It turns out the last four years have actually been totally and completely wrong.

On August 4, 2020. I found out that I have LADA – Latent Autoimmune Diabetes in Adults.

Meaning, my original diagnosis shared some characteristics of type 2, but was not – it was autoimmune. I was never tested for antibodies, so I never knew.

Meaning, I have a form of type 1 diabetes. My body is attacking my insulin-producing cells slowly over time.

Meaning, one day, I won’t produce any insulin at all.

I know. What???

Buckle in for a long ride and a lot of emotions. This is an entire word vomit of the way I feel after having my diagnosis confirmed.

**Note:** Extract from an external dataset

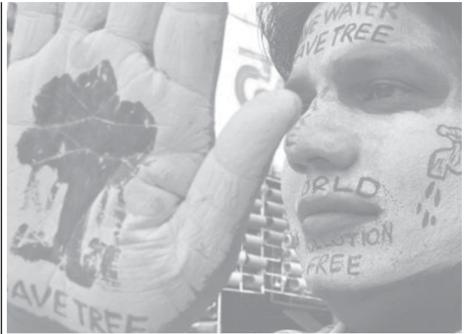
An environmental activist gestures in the central Indian city of Bhopal on 4 June, 2006.

I starting writing this on the day I was diagnosed, and I’ve been processing the feelings for nearly three months.

First, what is LADA?

LADA is a form of type 1 diabetes.

LADA is an autoimmune condition.

People with LADA have a slower onset of type 1 diabetes and eventually become completely insulin-dependent when their pancreas stops producing insulin.

It can be misdiagnosed as type 2 diabetes at the onset, unless your doctor screens you with the GAD-65, IA2 or IAA and checks your C-Peptide levels, which point to insulin production.

People told me that this was possible – especially because of my diagnosis story

About a year into my diagnosis, I talked to someone who said my diagnosis didn’t sound right at all, that I should get the GAD65 test.

I asked a couple of doctors, but they shrugged me off.

“Your family history, and weight signal T2D.”

And because I couldn’t get my blood sugars under control I restricted.

And I cried over being a “bad” diabetic. And I felt horrible about myself.

I felt like such a hypocrite because I was trying really hard to live my best life with diabetes, and I was miserable, and really stressed about it.

I was so incredibly frustrated by not being able to get things right.

So I took that for an answer for a long time. I restricted my carbs, I over exercised to get my blood sugars lower. I drank crazy amounts of water.

And while that obsession was fine for my blood sugar in the short term (getting my A1C in the 6’s) I knew it wasn’t sustainable.

Nor was it good for my mental health.

And when I got my A1C results in June, I knew something else was up.

It feels like a tectonic shift when your whole life is about to change.

2020 has been a huge year of change for me.

I stopped being scared of just doing what I always wanted to do, so I quit my job, took a freelance gig to community manage a T2D app, set out to run my blog full time, and talk about diabetes and my life with it.

There was a point this year, where an article about my diabetes diagnosis ran in Yahoo Life.

I was so happy to get published in a big publication. It was exciting to share my story and know I would an audience to listen. I was even on the front page for a day (and it broke my website for a minute).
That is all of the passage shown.